Don't let yourself worry too much about doing things the RIGHT way at this point ... until you get something at all satisfying DONE, BY YOUR OWN HAND ... don't judge how it should be done, just try to do it BY ANY MEANS POSSIBLE.
For the client UI (in a browser) you are going to pretty much have to use either: HTML, CSS and Javascript ... or else Adobe Flash, which requires the client to have installed the flash player to play your game ... those are really the only 2 options ... both are great ... 5-10 years ago most the simple cool games would have been Flash (which uses the language ActionScript), but recently HTML (XHTML or HTML 5 specifically) is getting to be more popular. Neither one is a bad choice at all .... just spend 2-10 days trying the tutorials of 1 and see how it goes. If you hate it ... try the other ... but after you've tried both, if you hate them both ... pick one anyway.
For the server side there are too many good choices to list. But PHP and MySQL would have been the best cheap indie choice 5-10 years ago for sure, and is still fine.
For Data - You can now use ANY of the SQL backends (MySQL, PostgressQL, MS SQL Server Express or SQL Anywhere, SQLlite) or even NoSQL options like MongoDB (and many others I've never used). That said, the issue is not which DB you pick, that won't matter (except of course the choices between SQL based and NON-SQL based, which does matter). The issue will be - learning RELATIONAL DATABASE MODELING / DESIGN well enough to organize your data in a way that doesn't suck for your game / goals. Given a decent data model, I can use ANY of the existing tools with almost no issues. So my recommendation is A) pick a tool (like MySQL) and use it ... but mainly just use simple standard ANSI SQL - don't bother learning any more custom MySQL specific stuff than you absolutely have to.

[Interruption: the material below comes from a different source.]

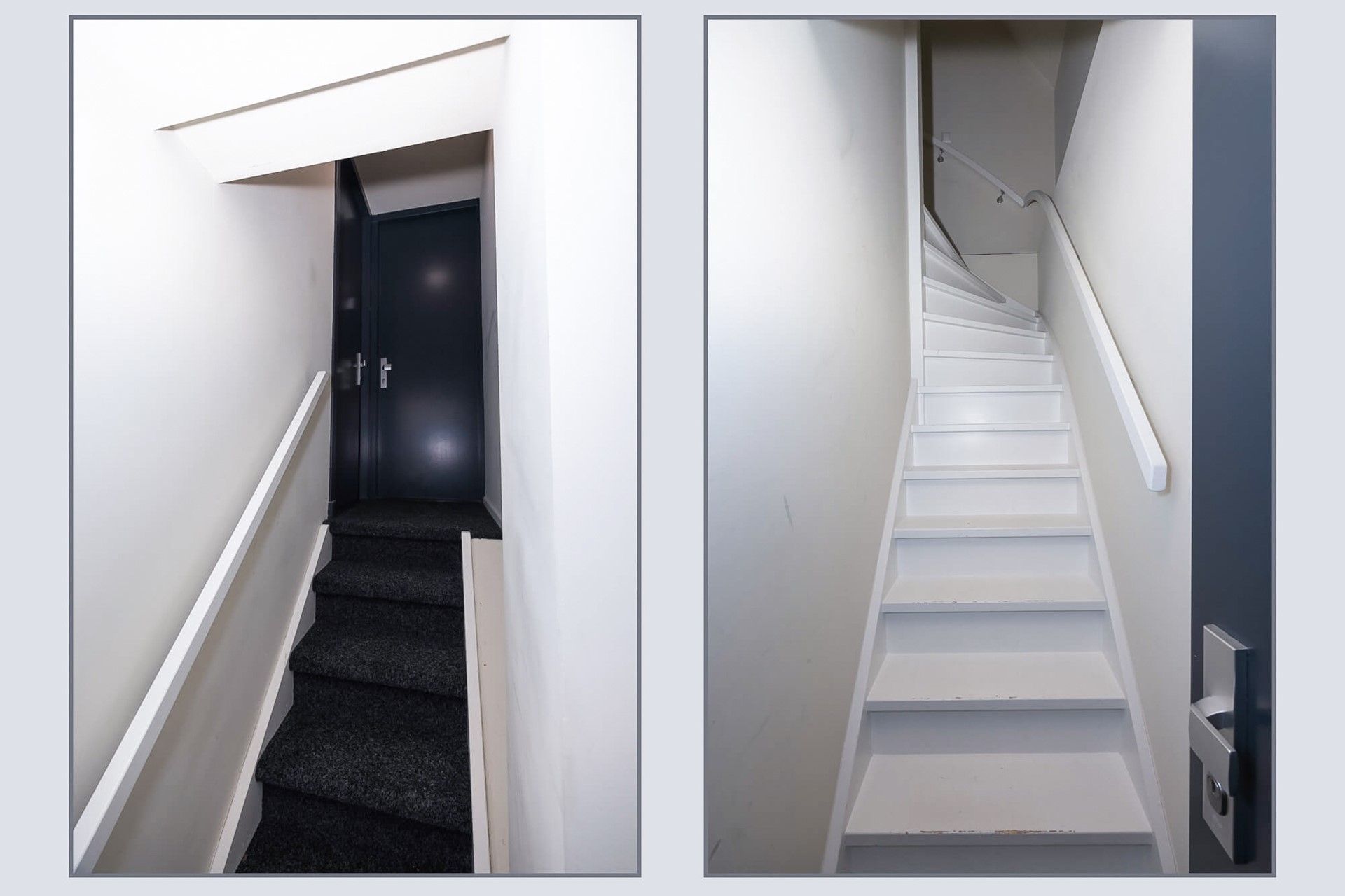 Gezamenlijke entree met een nette diepe hal. De wanden zijn gesausd en op de vloer ligt donkere vloerbedekking. In de hal op de begane grond is er voor ieder appartement een eigen meterkast en een hoge trap geeft toegang tot een tussenverdieping met het dakterras. Via dit dakterras is 57-E boven aan de trap te bereiken.

For Langauge - You can use ANY decent server supported languages. 5-10 years ago that would be either PHP, Perl, Python, ruby ... or Java or C#. Today it's basically the same list ... except most people don't use Perl for server code much anymore. PHP is extremely easy to use for small programs. Python and ruby are similar but harder to start with ... however better for bigger programs. C# (and probably Java) are great programming languages for programmers ... which I am, so I prefer C# ... but less good for people who aren't professional programmers. If you want to learn programming in general, I recommend C#, PHP, Python or Javascript as good starting points ... but if you want to get stuff done on a webgame quickly .. I'd skip C# (even though its my personal favorite).